Budget impact analysis on the Italian healthcare system of roxadustat for the treatment of anemia due to chronic kidney disease

Authors

  • Chiara Bini Centre for Economics and International Studies-Economic Evaluation and Health Technology Assessment, Faculty of Economics, University of Rome “Tor Vergata”, via Columbia 2, 00133 Roma - Italy
  • Andrea Marcellusi Centre for Economics and International Studies-Economic Evaluation and Health Technology Assessment, Faculty of Economics, University of Rome “Tor Vergata”, via Columbia 2, 00133 Roma - Italy https://orcid.org/0000-0002-3974-3798
  • Paolo Di Rienzo Astellas Pharma SpA, Via Don Luigi Sturzo 43, Milano - Italy https://orcid.org/0000-0001-8979-3980
  • Lucia Del Vecchio U.O. Nefrologia e Dialisi, ASST Lariana, Via Ravona 20, 22042 San Fermo Della Battaglia (Como) - Italy

DOI:

https://doi.org/10.33393/grhta.2024.3062

Keywords:

Anaemia, Chronic kidney disease, Economic evaluation, Roxadustat

Abstract

Objective: The aim of this study was to evaluate the economic consequences of the introduction of roxadustat on the market as treatment for chronic kidney disease (CKD)-related anaemia in Italy.

Method: A budget impact model was developed to assess the economic impact of the introduction of roxadustat for the management of patient with CKD-related anaemia. The analysis was conducted considering National Health Service (NHS) perspective and three years’ time horizon.
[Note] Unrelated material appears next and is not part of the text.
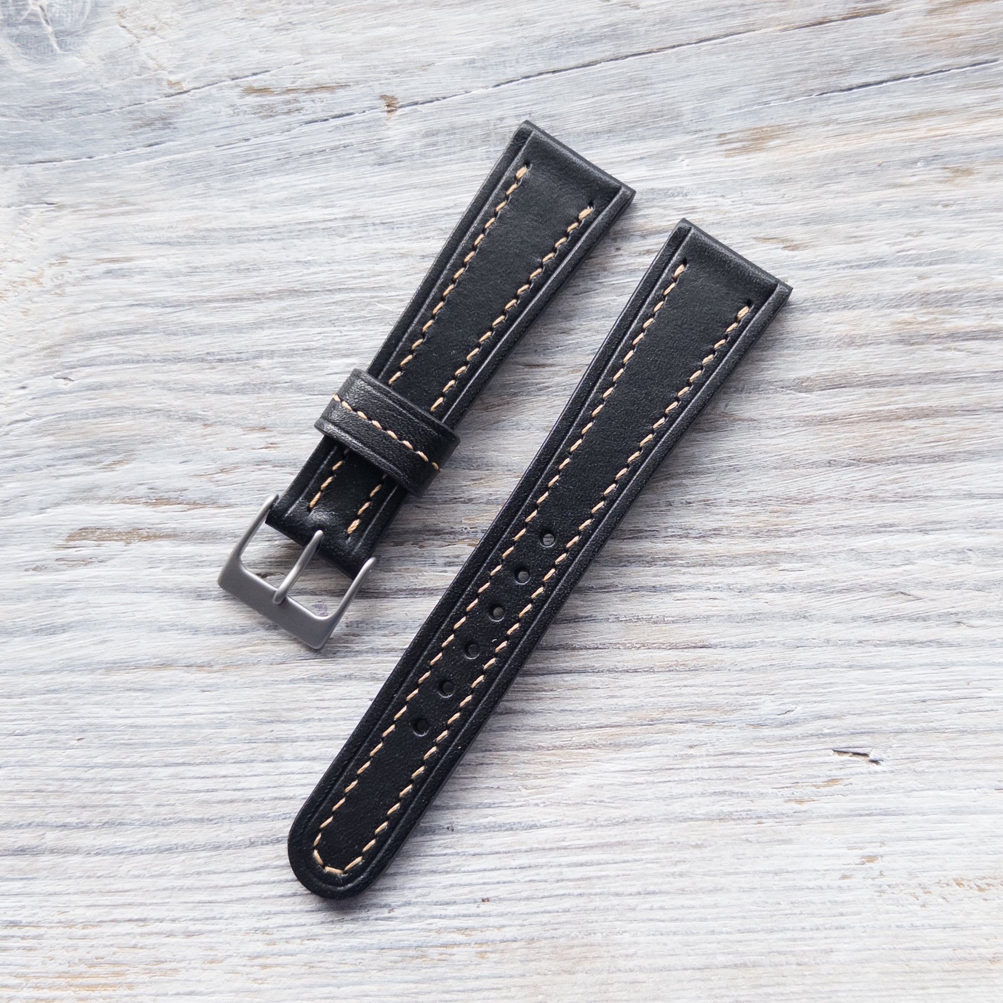 Lug and buckle sizing as well as length can be made on request. Just note your desired sizing (length + lug and buckle width) in the notes during checkout or just send me an email after you place the order.

Eligible population for the treatment with roxadustat was estimated through published literature and clinicians’ support. Direct healthcare costs included drug acquisition (list prices for base case) and administration costs, monitoring costs, cost per blood transfusion, costs related to the management of adverse events and dialysis costs.

Results: The model estimated a three years expenditure associated with the management of patients with CKD-related incident anaemia in Italy of about € 260 and € 44.6 million for non-dialysis dependent (NDD) and dialysis-dependent (DD) patients respectively. The introduction of roxadustat on the market could generate a reduction in the expenditure related to the iron supplementation both for NDD and for DD patients (−€ 397,305 and −€ 50,135 over three years of the analysis, respectively) and a reduction in the pharmaceutical expenditure for NDD patients (−€ 2.3 million, −€ 7.5 million and −€ 13 million at first, second and third year of the analysis). Overall, the introduction of roxadustat could generate a saving for NHS approximately equal to € 2.3, € 7.5 and € 13 million at first, second and third year of the analysis.

Conclusion: The introduction of roxadustat could generate a reduction in the expenditure for the management of patients with CKD anaemia. A scenario analysis which used tender prices for ESAs and hypothesis of confidential discount for roxadustat showed that the saving for NHS will be kept if roxadustat’s discount is greater than 60.3%.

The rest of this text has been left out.